H. Default under Section 42 of the Act is with respect to offer and acceptance of money through Private Placement. Accordingly, the period of offer for the Private Placement and period of acceptance thereof is the period of default. In the instant case, the default commenced on 14.01.2020 that is the date of issue of Private Placement Offer and in absence of any remedial rectification, it continued till 18.02.2020. On the date of commencement of the default, the Applicant Company stated that it was a start up Company. However, on such date, Section 446B of the Act was not applicable to the Sections other than 92(5), 117(2) and 137(3) of the Act. I am constrained not to extend the benefit a benevolent provision of Section 446B to the noticees on account of their sheer negligence.

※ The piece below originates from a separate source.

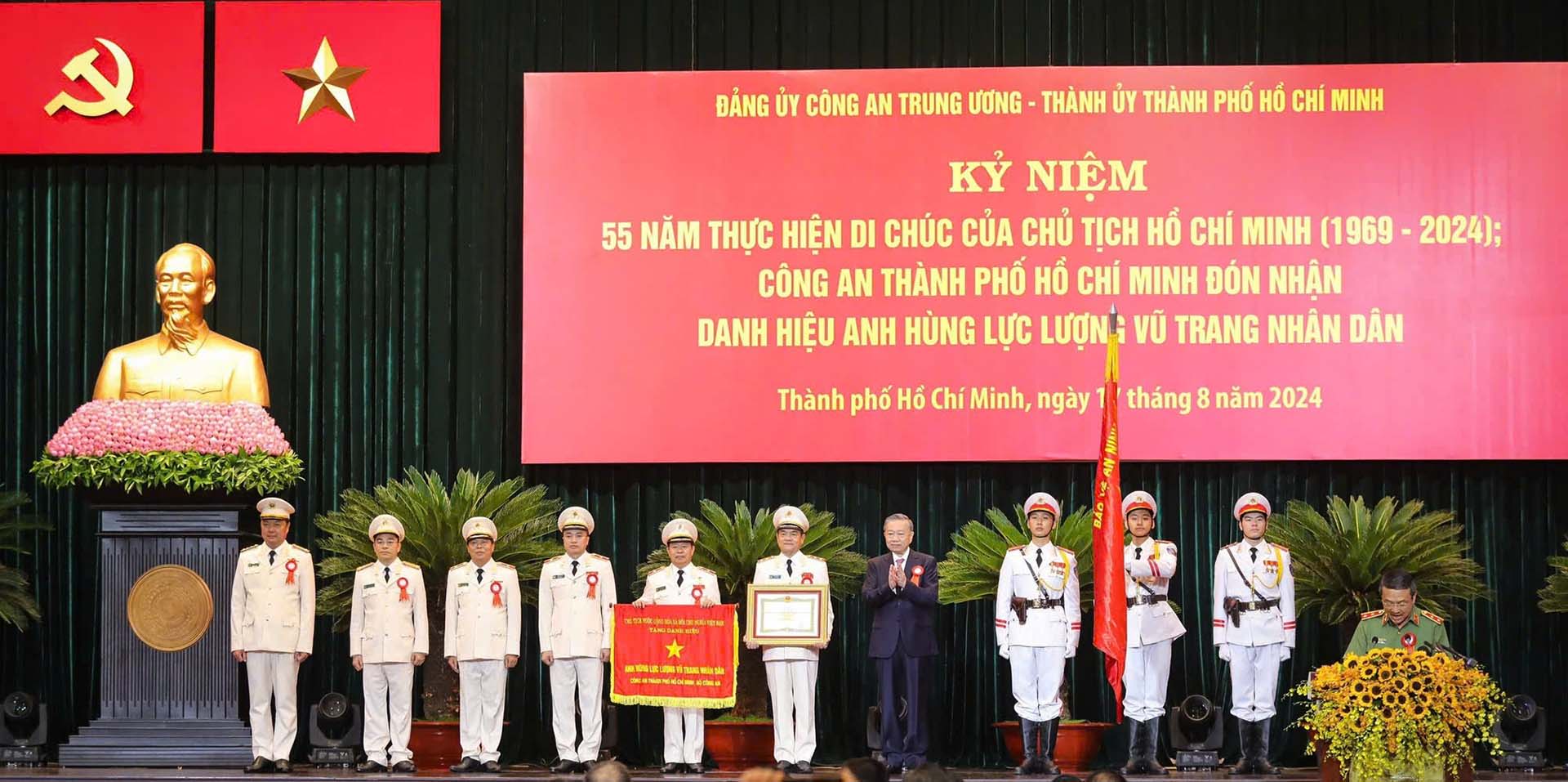 Tổng bí thư Tô Lâm dự lễ Kỷ niệm 55 năm Thực hiện Di chúc Chủ tịch Hồ Chí Minh và Công an Thành phố Hồ Chí Minh đón nhận Danh hiệu Anh hùng lực lượng vũ trang nhân dân.

I. I have carefully examined the facts of the case, applicable laws thereon and thought through the mitigating circumstances adverting to Rule 3(12) of the Companies Adjudication of Penalties Rules, 2014 for levying the penalty for the aforesaid default. Factoring in the mitigating circumstances and Rule 3(12) the Companies Adjudication of Penalties Rules, 2014, I am of the view that a collective penalty amount of Rs.17,50,000 /-(Rupees Seventeen Lakhs Fifty Thousands only) shall be commensurate to the nature of default.
J. Now, in exercise of the powers conferred on the Adjudicating Officer vide Notification dated 24th March 2015, having considered the facts and circumstances of the case, I hereby impose penalty of Rs.4,37,500 /-(Rupees Four Lakhs Thirty Seven Thousands Five Hundred only) each on the Company and Mr ABHINAV AGARWAL (Whole Time Director), Mr ABHISHEK AGARWAL (Whole Time Director) and Mr ANANTHA RAJARAM RAMAN (Director) under Section 42(10) for default under Section 42(3) read with Rule 14(8) of the Rules, Section 42(4) and Section 42(6) of the Act.
2. The details of penalty imposed on the company, officers in default and others are shown in the table below:
| (A) | Name of person on whom penalty imposed (B) | Rectification of Default required
(C) |
Penalty Amount
(D) |
Additional Penalty (E) (*Per day of continuing default i.e. date of rectification of default less order issue date) | Maximum limit for Penalty (F) |
| 1 | PURPLE STYLE LABS LIMITED having CIN as U18204MH2015P LC267215 | NA | 437500 | 0 | 20000000 |
| 2 | ABHINAV AGARWAL having DIN as 07178846 |
NA | 437500 | 0 | 20000000 |
| 3 | ABHISHEK AGARWAL having DIN as 07237807 |
NA | 437500 | 0 | 20000000 |
| 4 | ANANTHA RAJARAM RAMAN having DIN as 07583284 | NA | 437500 | 0 | 20000000 |
3. The notified officers in default/noticee shall rectify the default mentioned above and pay the penalty, so applicable within 90 days of receipt of the order.
4. The notified officers in default/noticee shall pay the penalty amount via ‘e-Adjudication’ facility which can be accessed through the respective login IDs on the website of Ministry of Corporate Affairs and upload the copy of paid challan / SRN of e-filing (if applicable) on the ‘e-Adjudication’ portal itself. It is also directed that the penalty so imposed upon the officers in default shall be paid from their personal sources/income.
5. Appeal against this order may be filed in writing with the Regional Director, RD Mumbai within a period of sixty days from the date of receipt of this order, in Form ADJ setting for the grounds of appeal and shall be accompanied by a certified copy of this order [Section 454 (5) & 454 (6) of the Act, read with Companies (Adjudication of Penalties) Rules, 2014].
6. For penal consequences of non-payment of penalty within the prescribed time limit, please refer Section 454(8) of the Companies Act, 2013.